US MIDDAY: wheat higher

02 Jun, 2007

Wheat futures on the Chicago Board of Trade were higher at midday on Friday, supported by speculative buying, traders said. Large speculators were establishing new long positions and/or covering shorts at the start of a new month, they said.
Concerns about hot, dry weather in Ukraine and Russia, along with excessive rain in the US Plains hard red winter wheat belt, added support. As of 12:20 pm CDT (1720 GMT), July wheat was up 7-3/4 cents at $5.24-3/4 per bushel, after posting a fresh one-month high at $5.30-1/2. Back months were up 6-1/2 to down 5 cents. Contract highs were hit in several deferred contracts, including September and December.
Man Financial net bought 300 July contracts, traders said. A strong number for wheat in the US Agriculture Department's weekly export sales report was also supportive.
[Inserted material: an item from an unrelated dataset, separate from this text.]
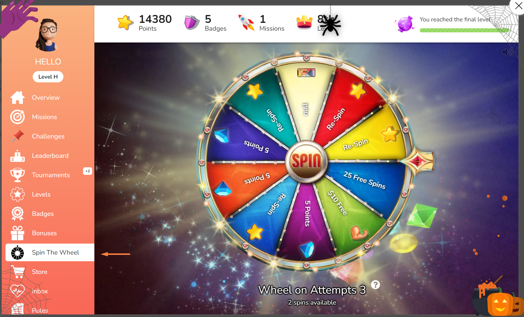 If there is just 1 mini-game configured, it will be directly opened when the user clicks on the Mini-game section from the left menu. The user can also see the cost of playing in a specific mini-game as shown in the screenshot below where the game in focus has 2 spins available for the current user.

The USDA on Friday reported weekly export sales of US wheat at 709,900 tonnes (old and new crop), above trade estimates for 250,000 to 450,000 tonnes.
In Kansas, the largest US wheat producing state, rains were spreading diseases that were likely to cut yield potential of the hard red winter wheat crop. "We've got a plethora of foliar leaf diseases leaf rust, tan spot, powdery mildew. You name it, we got it," Kansas State University extension agronomist Jim Shroyer said. "They are going to take their share, a big share, out of the yield potential of the wheat that survived the freeze."